There are ways in which this can be done. They imply a fairly robust data capture process and some in-depth analytical tools and resource, but there may be elements of this that can be taken up and used by all companies, at least as a starting point to understand the true impact of all channels better; in my experience, companies often have better quality data than they think they do.
The complete picture – copying Daddy Pig’s tracing paper.
Tracing paper allows us to see the different layers along the same plane; the complete picture builds up when you layer the paper on top in the correct alignment. This is just like how we want to build up a picture of a customer’s multichannel browsing experience; each channel or device is like its own layer of tracing paper which can tell its own story on its own, but only gives the full, correct meaning when it is aligned with all the other channels connected to it.
Just like Daddy Pig’s technical drawing tracing paper, though, for this alignment to be correct, we need some consistent markers on each sheet so that we know when each sheet is correctly lined up.
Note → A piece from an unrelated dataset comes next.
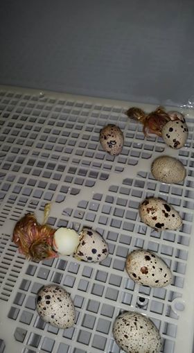 This is my very first hatching, I'm so excited! Two popped out about 20 mins after pipping, the others have pipped but are all taking their time. :D Looks like 100% fertility, and these are shipped eggs. :D Does anyone have any tips on quails when they first hatch?

Without these guidelines, we will not know how each channel should correctly match up.
The same principle therefore applies to cross-device channel alignment. Without a marker that appears in the same place in each sheet of tracing paper, we won’t know when things line up. That’s why we need to ensure that we have at least one consistent value set for the same customer across all channels.
Or at least, that’s what we thought. It turns out it is better if there are two markers. But you still have to do a lot of the drawing and tracing yourself.
Originally (we’re talking years ago) the industry thought we could set a consistent Visitor ID value, every time the customer logs in, across any channel, thereby ensuring that this is set as the same for the same visitor, wherever they are. Just as the technology started to catch up with this, so did the legislation, and GDPR, rightly, limited the ubiquity of this, unless customers provided consent.
The reality now is both simpler, and more effort. It’s simpler because the ability to use technology to manage a consistent customer ID as a “key” has advanced, so many solutions can do this, or can be built to do it, so you can track customers in the individual session, and across different devices. At the same time, you need to make sure that you have the right permissions from your customers, and you need to understand, and explain, how you will use the data when you capture it in the first place.
So, the data capture piece is relatively simple, and the explanation and consent takes some planning, and some thinking, which can be harder, but still eminently achievable. A bit like using tracing paper to design a blueprint.
Where the real effort comes in is with the analysis. The data will need to be extracted and analysed separately to come up with the correct models. This requires more in-depth analysis tools and resources who can understand these data sets. This is partly where the recent explosion in data science applications, platforms and techniques can help. A bit like taking a blueprint, and turning it into a real building. Just like Daddy Pig!